Another Thing Amazon Is Disrupting: Business-School Recruiting (foxbusiness.com)
An anonymous reader shares a report: Amazon, disrupter of industries from book selling to grocery shopping, has found its latest sector to upend -- recruiting at the nation's elite business schools. The Seattle-based retail giant is now the top recruiter at the business schools of Carnegie Mellon University, Duke University and University of California, Berkeley. It is the biggest internship destination for first-year M.B.A.s at the University of Michigan, Massachusetts Institute of Technology, Dartmouth College and Duke. Amazon took in more interns from the University of Chicago's Booth School of Business than either Bain & Co. or McKinsey & Co., which were until recently among the school's top hirers of interns, according to Madhav Rajan, Booth's dean. All told, Amazon has hired some 1,000 M.B.A.s in the past year, according to Miriam Park, Amazon's director of university programs -- a drop in the bucket for a company that plans to add 50,000 software developers in the next year. But Amazon's flood-the-zone approach to recruiting and hiring future M.B.A.s -- in some cases before they have taken a single business-school course -- is feeding the career frenzy on campus and rankling some rival recruiters. The talent wars begin even before classes do. This past June, Amazon sponsored an event at its Seattle headquarters for 650 soon-to-be first-year and returning women M.B.A. students, some of whom left the event with internship offers for summer 2018.
Amazon is destroying you America. They have too much power and not enough accountability.
So... 50k developers sounded like an awful lot, according to Wikipedia that is more than currently work at Microsoft headquarters. And that'd be on top of whatever they already have... big plans from Amazon I guess?
All of those MBA's are going to destroy the company with their "case studies" (i.e. anecdotes), buzzwords, and group-think.
One of our competitors trademarked the term "hypothesis". From now on, we will call them "boneheaded ideas".
MBA will hurt them and drive 100 hour work weeks out of the tech team for 70K/year jobs bay area and 50-60K in the HQ 2 in a cheap to live area.
"Make Balls Asinine"??
What the hell is MBA
Sentence much? wtf...
They're recruiting a lot of people. Is that really disruption? I thought that meant doing something radically different and new.
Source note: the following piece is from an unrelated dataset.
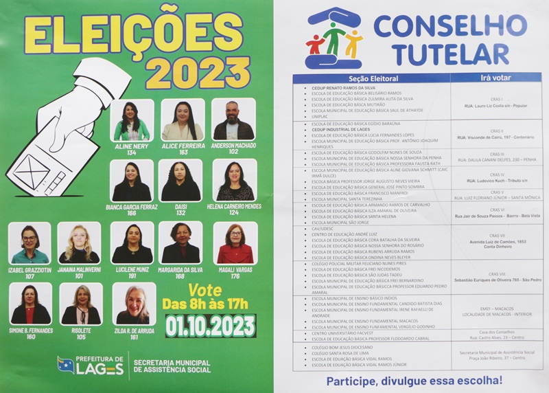 Assim como em todo país, a eleição do Conselho Tutelar dos Direitos das Crianças e Adolescentes de Lages aconteceu neste domingo (1°). Com voto facultativo, a comunidade pôde escolher os cinco membros que assumirão os cargos com mandato de quatro anos, a partir de janeiro de 2024. A apuração dos votos foi realizada na Casa dos Conselhos, localizada na rua Castro Alves, no Centro, e encerrou às 19h.

Confucius say, "Find worm in apple - bad. Find half a worm - worse."
I just watched The Founder a few weeks back. FWIW, Ray Kroc didn't have a fondness for MBAs and for awhile refused to hire them. I suppose this all depends on your opinion of Ray Kroc, but it's hard to deny his business successes he was able to obtain without them. Jeff Bezos himself graduated with EE and CS degrees.
Why is it called "disrupting" when Amazon does it, but when I do something it is called "trolling"?
Wow, all that managerial incompetence in one place should bring anything good at Amazon to a screeching halt.
Just think, thousands of idiots straight out of school with no proven ability, no experience in any actual field of work, and all making the same moronic assumptions they all learned in school but otherwise know nothing about.
Christ, send a fucking 1000 MBAs to China and you could probably cripple their entire economy. Because nobody know less about running a fucking business than some asshole with an MBA who has never had a real job or demonstrated any actual knowledge and skillset, but thinks he knows the solution to all of the problems.
Would be nice if this happened at less selective schools, versus the near-Ivy ones.
"Forget the engineers." -Carly Fiorina, briber of MIT Technology Review.
Poor Joe, he was too busy managing to learn how to form a coherent sentence.
I've been from coast to coast in search of a reasonable businessman, but they've all had condition MBA and are suffering for it.
If you can cure that, I'm sure a cure for many other conditions can't be far behind. If you unleash all that monkey power onto all those keyboards, we'll surely have enough employment candidates to spice up all the markets - after all, I can count on one hand the number of MBAs I've met who can read an email, much less respond to it. A cure for that can only be to the benefit of society.